**BRIEF**
Taking the data below, please print only the lines from the line holding "ثم تحشو وتغطي" to the line holding "Funnel plot of", inclusive, with pictures omitted.

**DATA PROVIDED**

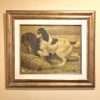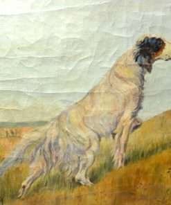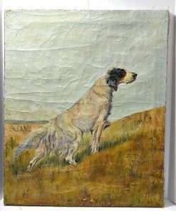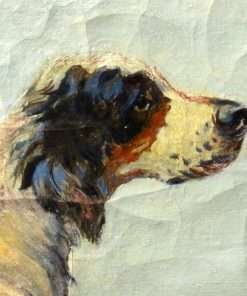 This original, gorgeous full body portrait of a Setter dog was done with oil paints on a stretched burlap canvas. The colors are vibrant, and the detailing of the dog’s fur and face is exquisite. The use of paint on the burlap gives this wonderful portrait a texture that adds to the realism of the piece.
--
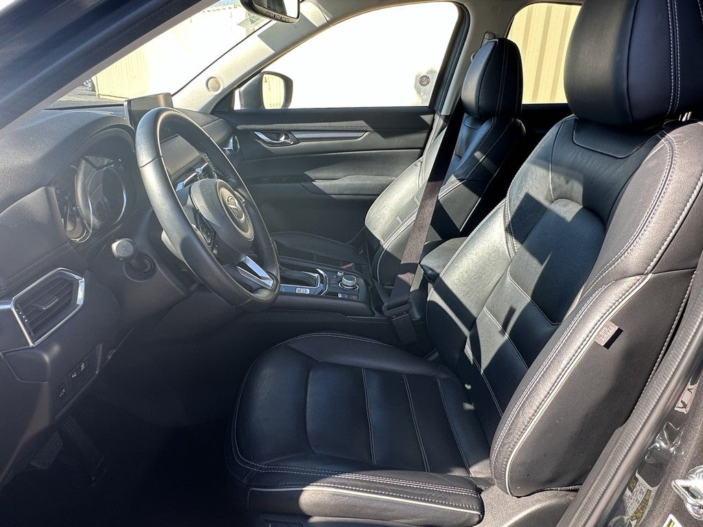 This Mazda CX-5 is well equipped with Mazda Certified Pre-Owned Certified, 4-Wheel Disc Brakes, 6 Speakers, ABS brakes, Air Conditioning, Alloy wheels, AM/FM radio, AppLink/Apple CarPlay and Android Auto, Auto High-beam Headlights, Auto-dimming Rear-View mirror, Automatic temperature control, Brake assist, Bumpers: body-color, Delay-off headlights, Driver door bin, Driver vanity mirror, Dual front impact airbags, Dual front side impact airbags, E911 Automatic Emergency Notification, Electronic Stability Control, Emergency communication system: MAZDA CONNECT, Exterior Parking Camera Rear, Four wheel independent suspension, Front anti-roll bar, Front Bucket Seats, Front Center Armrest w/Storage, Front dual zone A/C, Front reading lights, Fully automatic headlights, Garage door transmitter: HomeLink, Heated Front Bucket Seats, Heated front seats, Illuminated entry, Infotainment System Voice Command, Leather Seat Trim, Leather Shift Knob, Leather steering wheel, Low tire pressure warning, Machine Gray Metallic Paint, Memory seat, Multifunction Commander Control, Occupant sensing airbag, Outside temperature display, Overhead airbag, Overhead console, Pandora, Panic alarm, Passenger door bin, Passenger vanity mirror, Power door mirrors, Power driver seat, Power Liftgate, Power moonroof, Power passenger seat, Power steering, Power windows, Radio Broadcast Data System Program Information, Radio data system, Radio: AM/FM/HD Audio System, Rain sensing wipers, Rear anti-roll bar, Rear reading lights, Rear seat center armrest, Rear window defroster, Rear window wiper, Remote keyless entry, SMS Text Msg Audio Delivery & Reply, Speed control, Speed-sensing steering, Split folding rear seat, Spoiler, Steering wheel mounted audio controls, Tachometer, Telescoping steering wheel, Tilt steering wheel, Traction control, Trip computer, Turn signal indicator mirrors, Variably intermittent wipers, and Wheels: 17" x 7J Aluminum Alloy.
==
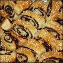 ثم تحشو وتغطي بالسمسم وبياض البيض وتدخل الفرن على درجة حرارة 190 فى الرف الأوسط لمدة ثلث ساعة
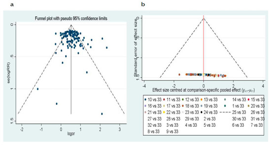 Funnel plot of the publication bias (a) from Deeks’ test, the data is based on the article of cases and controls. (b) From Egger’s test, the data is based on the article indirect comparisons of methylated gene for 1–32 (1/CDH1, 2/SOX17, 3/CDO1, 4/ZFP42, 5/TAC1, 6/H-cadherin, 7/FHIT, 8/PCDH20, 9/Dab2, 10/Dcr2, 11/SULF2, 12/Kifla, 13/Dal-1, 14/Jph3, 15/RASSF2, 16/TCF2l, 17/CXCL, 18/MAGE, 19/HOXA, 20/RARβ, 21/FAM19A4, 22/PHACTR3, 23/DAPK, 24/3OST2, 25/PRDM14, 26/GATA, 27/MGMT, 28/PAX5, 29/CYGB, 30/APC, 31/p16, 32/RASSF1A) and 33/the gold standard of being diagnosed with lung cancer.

**WRITTEN SOLUTION**
 ثم تحشو وتغطي بالسمسم وبياض البيض وتدخل الفرن على درجة حرارة 190 فى الرف الأوسط لمدة ثلث ساعة
 Funnel plot of the publication bias (a) from Deeks’ test, the data is based on the article of cases and controls. (b) From Egger’s test, the data is based on the article indirect comparisons of methylated gene for 1–32 (1/CDH1, 2/SOX17, 3/CDO1, 4/ZFP42, 5/TAC1, 6/H-cadherin, 7/FHIT, 8/PCDH20, 9/Dab2, 10/Dcr2, 11/SULF2, 12/Kifla, 13/Dal-1, 14/Jph3, 15/RASSF2, 16/TCF2l, 17/CXCL, 18/MAGE, 19/HOXA, 20/RARβ, 21/FAM19A4, 22/PHACTR3, 23/DAPK, 24/3OST2, 25/PRDM14, 26/GATA, 27/MGMT, 28/PAX5, 29/CYGB, 30/APC, 31/p16, 32/RASSF1A) and 33/the gold standard of being diagnosed with lung cancer.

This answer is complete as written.